Who benefits when research promotes a meme of self-sacrifice?

The main purpose of this 2014 Illinois human study was to make findings directed toward high school students that:

“Well-being may depend on attending to higher values related to family, culture, and morality, rather than to immediate, selfish pleasure.”

The study’s messages to young people and to those who control young people were:

  • You have to give up trying to live your own life if you want to be happy.
  • For your own “well-being” just follow the “higher values” where other people tell you what to do and think.
  • Other people know how you should live your life better than you do. Science says so.

The researchers embedded many assertions into the study, most of which weren’t supported by the study’s data. The researchers’ main assertion was:

“Optimal well-being may be achieved through eudaimonic activities.”

The researchers repeated this assertion multiple times in multiple ways, such as citing philosophy and other research. The short version of the term “eudaimonic” was defined as: “Meaning and purpose, a life well-lived.”

The study’s ONLY measurement of “eudaimonic” activities was the subjects’

“Neural activation when making a donation to the family that involves self-sacrifice.”

The study’s main finding involving this SOLE measurement was:

“Eudaimonic decisions predicted longitudinal declines in depressive symptoms.”

Depressive symptoms were determined by “a self-report measure” where the subjects, 47 adolescents aged 15-17:

  • “Completed the internalizing symptoms subscale of the Youth Self-Report form of the Child Behavior Checklist
  • Underwent a brain scan during which they completed a family donation task and a risk-taking task.”

39 of the subjects returned one year later to reanswer the checklist.

I wonder what bases the reviewer used to approve the researchers’ methods.

1. In the study’s verbiage the researchers extrapolated the significance of the sole measurement of eudaimonic activities – the initial fMRI scan – many times past what it actually measured. One-time measurements of the blood flow in the ventral striatum of a few Los Angeles teenagers can’t validly be assigned as the bases for all of what the researchers went on and on about to glorify “prosocial eudaimonic decisions.”

2. No method checked the subjects’ personal impact of the experiments’ monetary rewards and donations. The subjects didn’t scale their personal relative importance of the monetary rewards and donations.

Consider the relative importance of a dime for a kid whose parents gave them a BMW to drive to high school. Compare that with a kid who searched the sidewalk for dropped coins as they walked to high school.

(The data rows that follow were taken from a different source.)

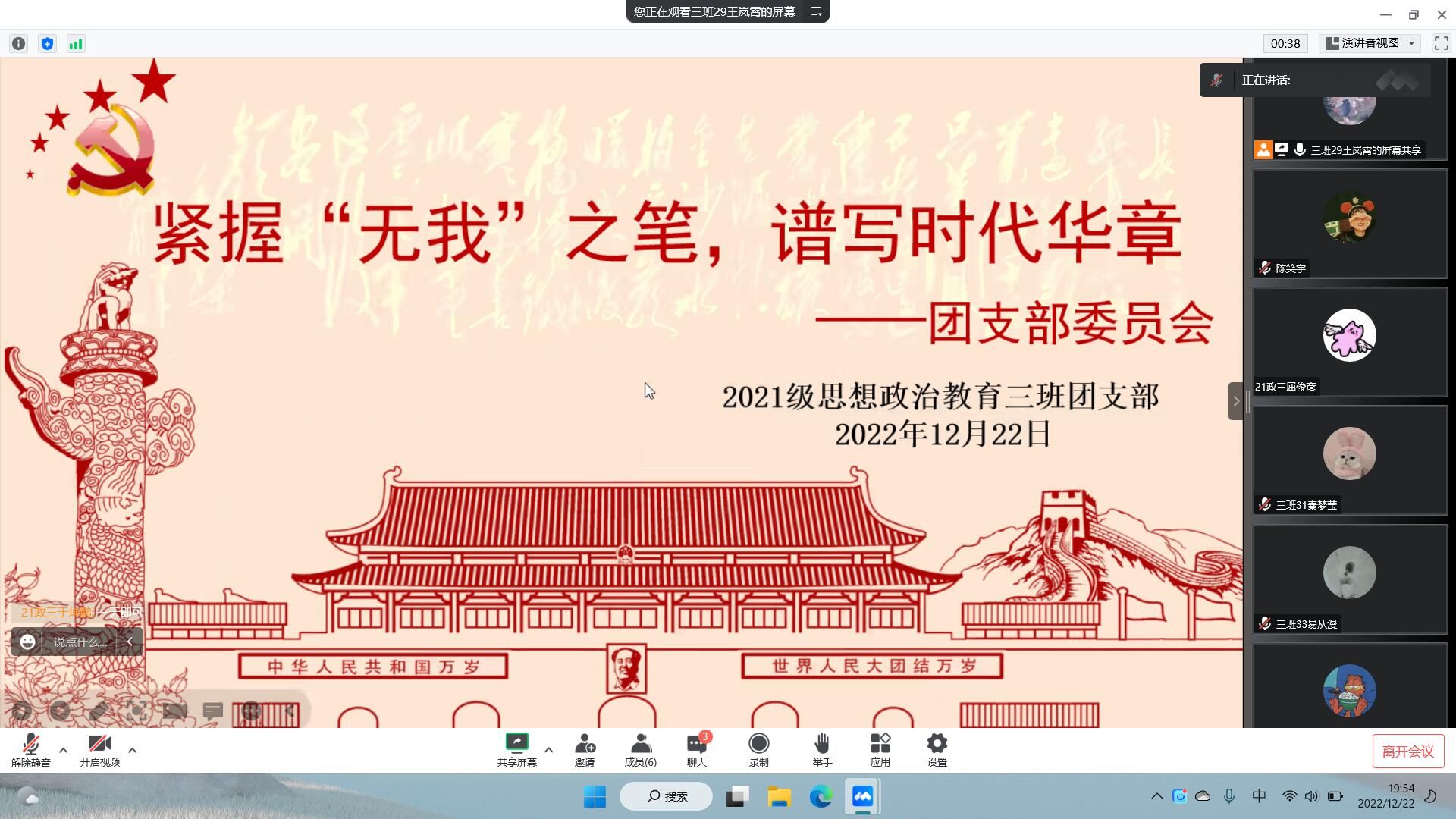 12月22日下午,金年会jinnianhuicom2021级思想政治教育三班在线上召开“紧握‘无我’之笔,谱写时代华章”团支部委员会。金年会jinnianhuicom2021级思想政治教育三班团支部委员会全体成员参与此次会议。会议由团支书王岚霄主持。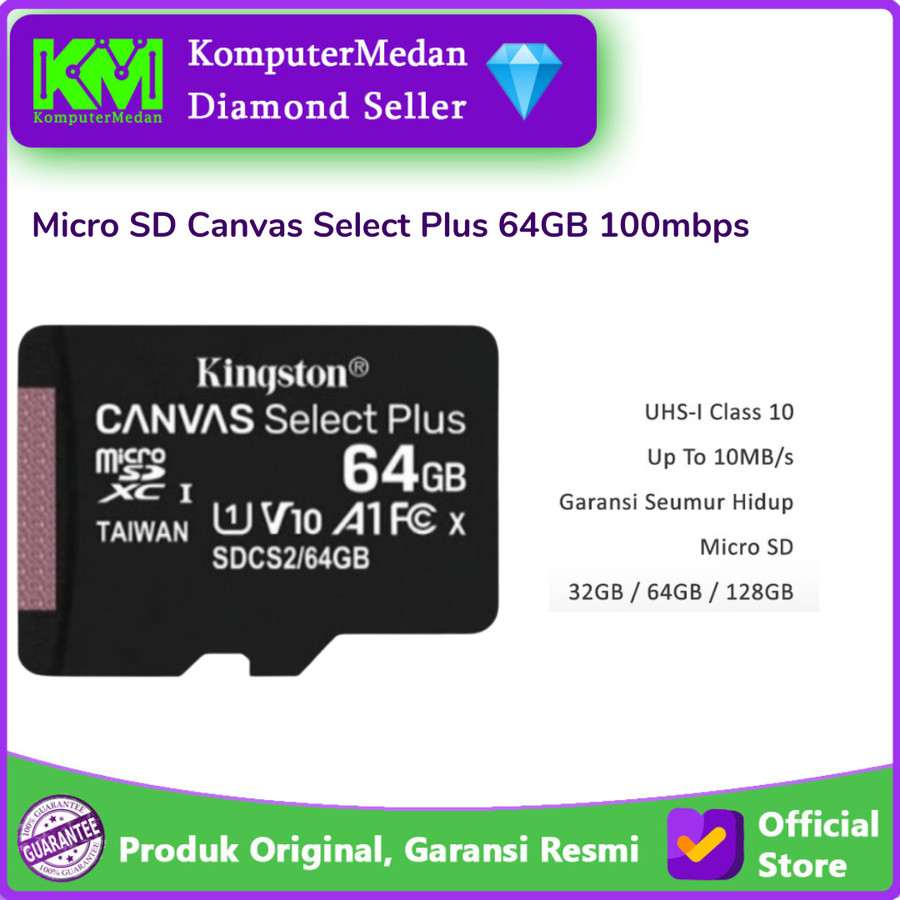 1. Kingston MicroSD Card Canvas Select Plus Class 10 MicroSDXC 64GB - Rp89.000,-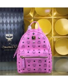 MCM时尚柳钉 PVC配皮 粉色 小号邓紫棋同款 女士双肩背包
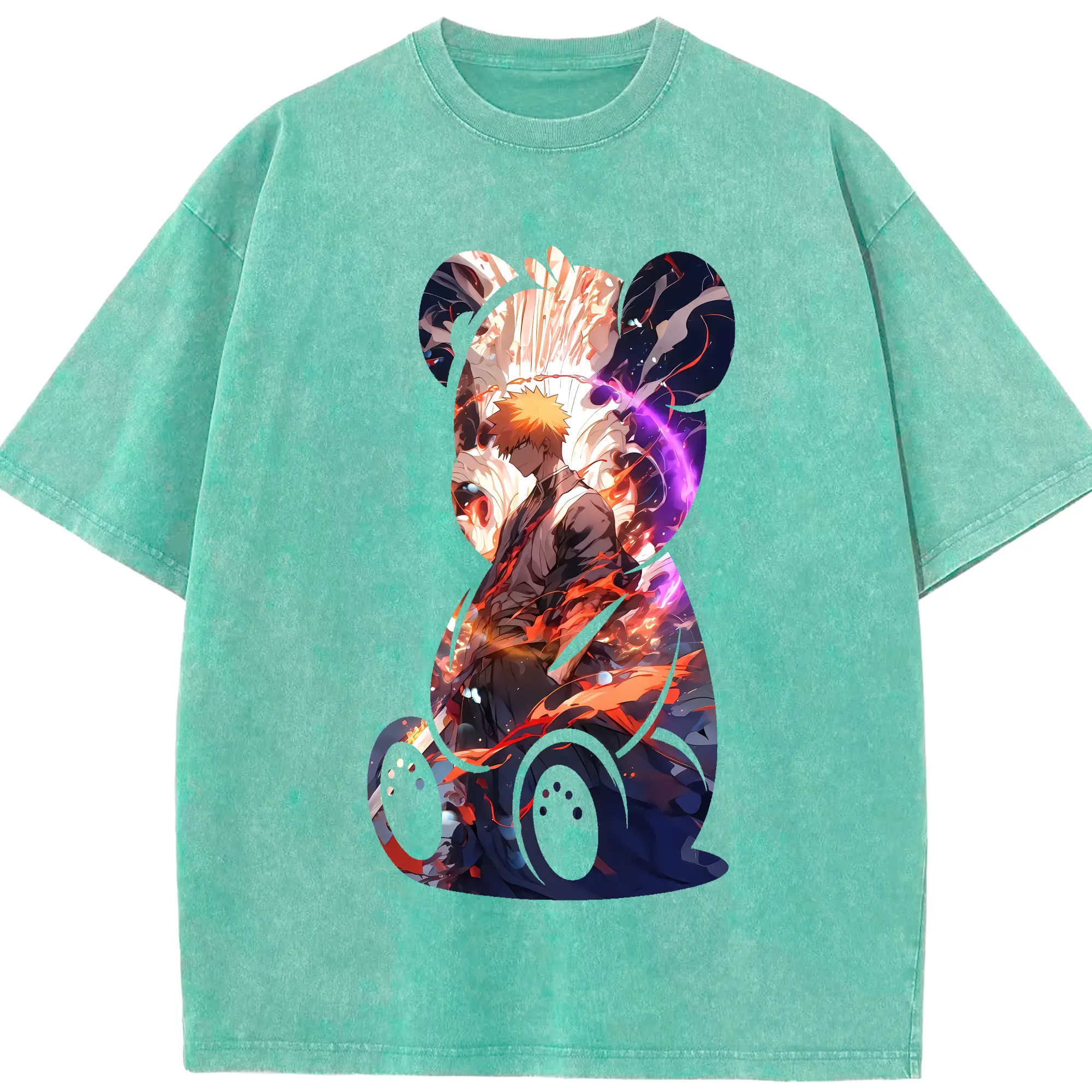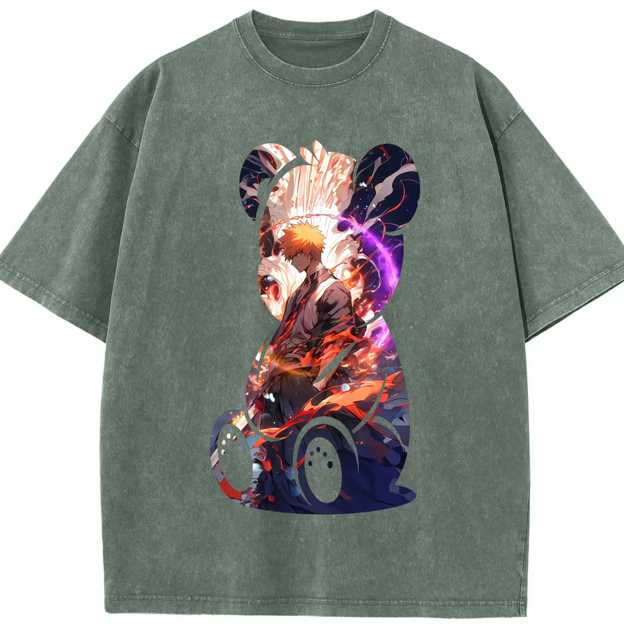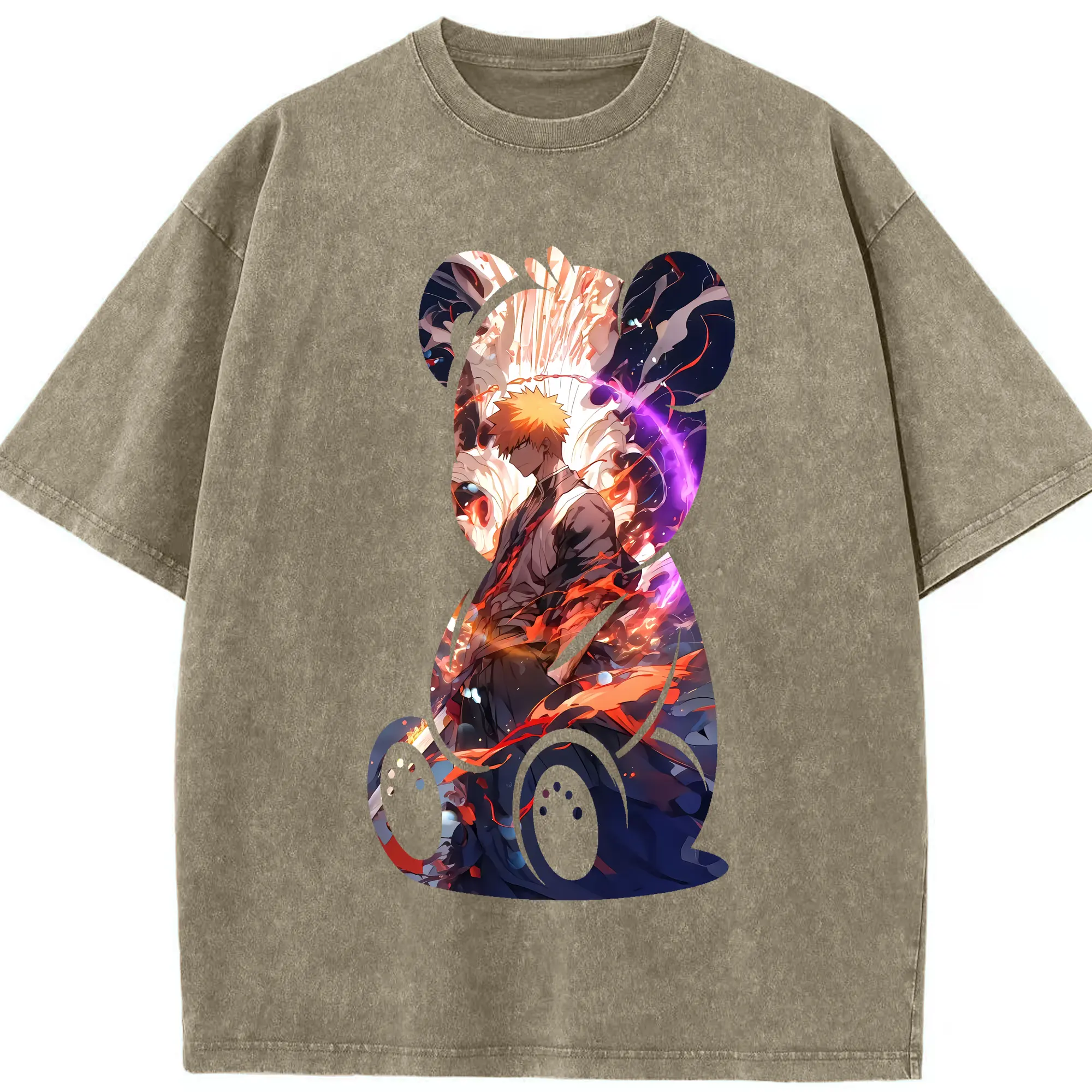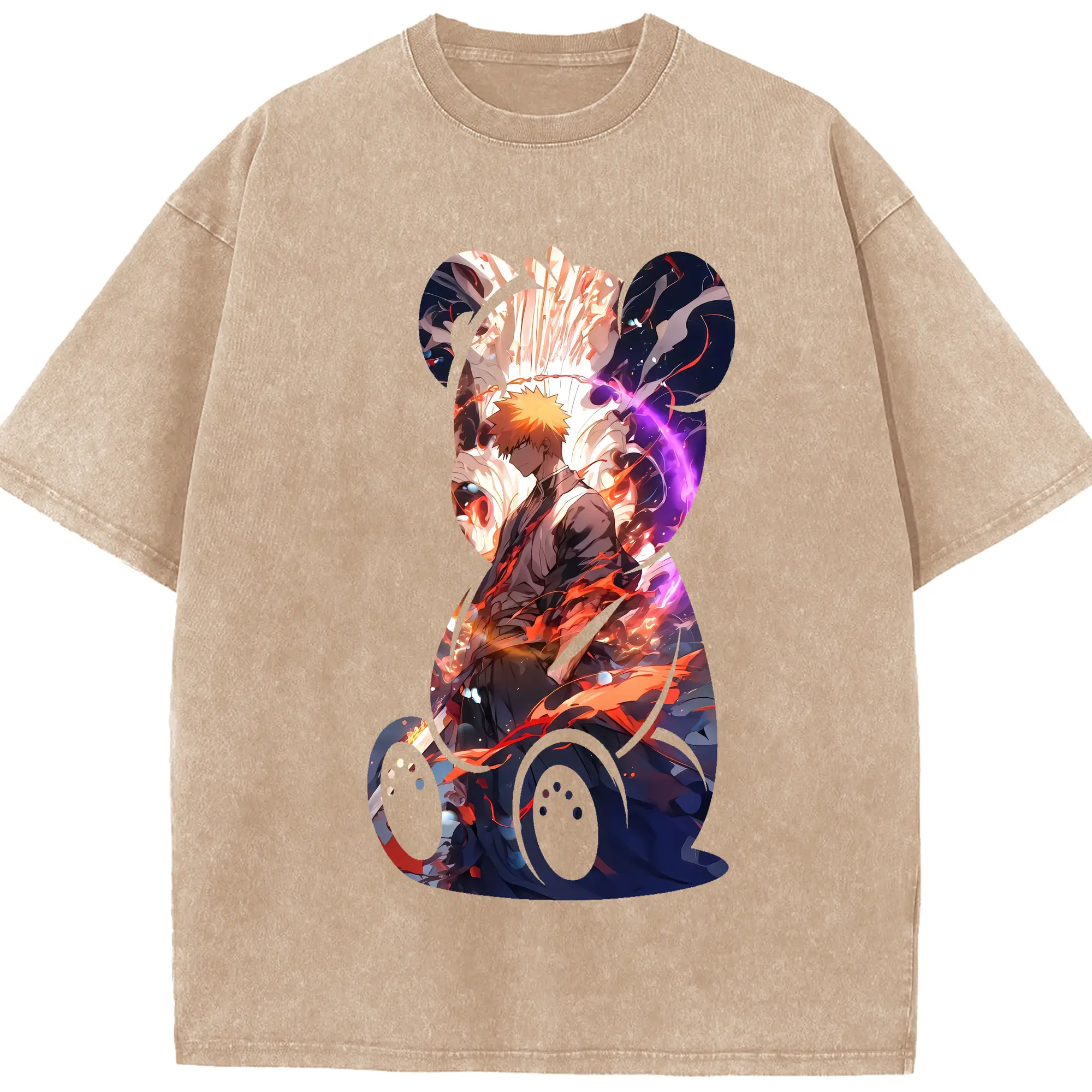 ブリーチ グッズ 黒崎 一護 - 綿100% ヴィンテージ風 半袖Tシャツ ・ 背面プリント ・ 柔らか肌触り ・ 通気性 快適 ・ スポーツ カジュアル 外出用

Absent subjective scaling, the monetary rewards and donations data couldn’t be used as the basis to produce informative results.

3. The balloon test used in this study to measure “risky hedonic decisions” was the same as in the Who benefits when research with no practical application becomes a politically correct meme? study. The same objection applies here: a video game task of popping balloons that engages the cerebrum was NOT informative to the cause-and-effect of the emotions and instincts and impulses from limbic system and lower brain areas that predominantly drive risky behavior.

Scientific justification for memes like the self-sacrifice promoted by this study helps rush people past what really happened in their lives. A popular cultural meme is to “live in the present” and purposefully overlook how we arrived at our present lives.

I wonder how we would evaluate the “higher values related to family, culture, and morality” if we felt and honestly understood our real history.

Do you feel that young people benefit when they sacrifice their lives in the name of “family, culture, and morality?” Who benefits when people don’t pause to reflect on how their history impacts what’s going on now with their lives?

http://www.pnas.org/content/111/18/6600.full “Neural sensitivity to eudaimonic and hedonic rewards differentially predict adolescent depressive symptoms over time”

2 thoughts on “Who benefits when research promotes a meme of self-sacrifice?

  1. While I was studying psychology I read many research reports. Some of them reported the actual results but then went on further to make ‘assertions’ about what the data meant. I remember thinking to myself that they were taking a ‘leap of faith’ and science doesn’t, or shouldn’t do that.

  2. Yes, Gil, this study was full of that. What usually happens is that the researchers cite bits and pieces of other research to build a narrative without repeating the citations’ contextual qualifiers.